1 cup chocolate-hazelnut spread, such as Nutella
4 large eggs
2 cups all-purpose flour (see Cook's Note), plus more for dusting

Steps:

  • Preheat the oven to 350 degrees F. Line a baking sheet with parchment.
  • Whisk 3/4 cup of the Nutella and 3 of the eggs together in a large bowl until smooth. Fold in the flour until combined. Turn the dough out onto a generously floured surface and press into a 6-by-8-inch rectangle. Use a 3-inch round cutter to stamp out 6 doughnuts, rerolling the scraps as needed. Use a 1-inch round cutter to cut a hole in the center of each round, then place doughnuts and holes onto the prepared baking sheet. Beat the remaining egg with 1 tablespoon water in a small bowl. Brush the tops of the doughnuts and holes with the egg wash.
  • Bake until a toothpick inserted into the center of a doughnut comes out clean, about 10 minutes.
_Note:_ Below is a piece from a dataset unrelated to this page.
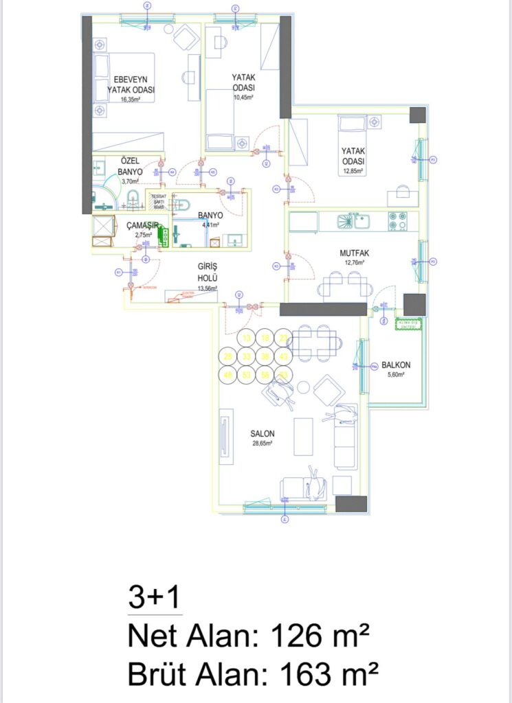 The apartment is located in Bahçeşehir. This flat in that project awaits you to give the best experiences with its social and entertainment opportunities. These opportunities are 24/7 security services, restaurants, cafes, basketball and football courts, picnic areas, playgrounds for children, steam rooms, sauna, spa and fitness centers.

Let cool on the baking sheet for 5 minutes, then transfer to a wire rack to cool completely, about 15 minutes. Microwave the remaining 1/4 cup Nutella in a small microwave-safe bowl just to loosen it, about 30 seconds. Dip the tops of the doughnuts and holes in the Nutella and swirl to completely coat. Place back, coated-sides up, onto the wire rack and let sit until set, about 15 minutes.

MINI NUTELLA DOUGHNUTS



Mini Nutella Doughnuts image

You can make these bites in advance and refrigerate them before frying. Just be sure to bring the dough to room temperature before frying. -Renee Greene, Smithtown, New York

Provided by Taste of Home

Time 35m

Yield 32 doughnuts.

Number Of Ingredients 6

1 large egg
1 tablespoon water
1 tube (16.3 ounces) large refrigerated flaky biscuits (8 count)
2/3 cup Nutella
Oil for deep-fat frying
Confectioners' sugar

Steps:

  • Whisk egg with water. On a lightly floured surface, roll each biscuit into a 6-in. circle; cut each into 4 wedges. Brush lightly with egg mixture; top each wedge with 1 teaspoon Nutella. Bring up corners over filling; pinch edges firmly to seal., In a large cast-iron or electric skillet, heat oil to 350°. In small batches, place doughnuts in hot oil, seam side down; fry until golden brown, 1-2 minutes per side. Drain on paper towels. Dust with confectioners' sugar; serve warm.

Nutrition Facts : Calories 99 calories, Fat 6g fat (1g saturated fat), Cholesterol 6mg cholesterol, Sodium 142mg sodium, Carbohydrate 10g carbohydrate (5g sugars, Fiber 0 fiber), Protein 2g protein.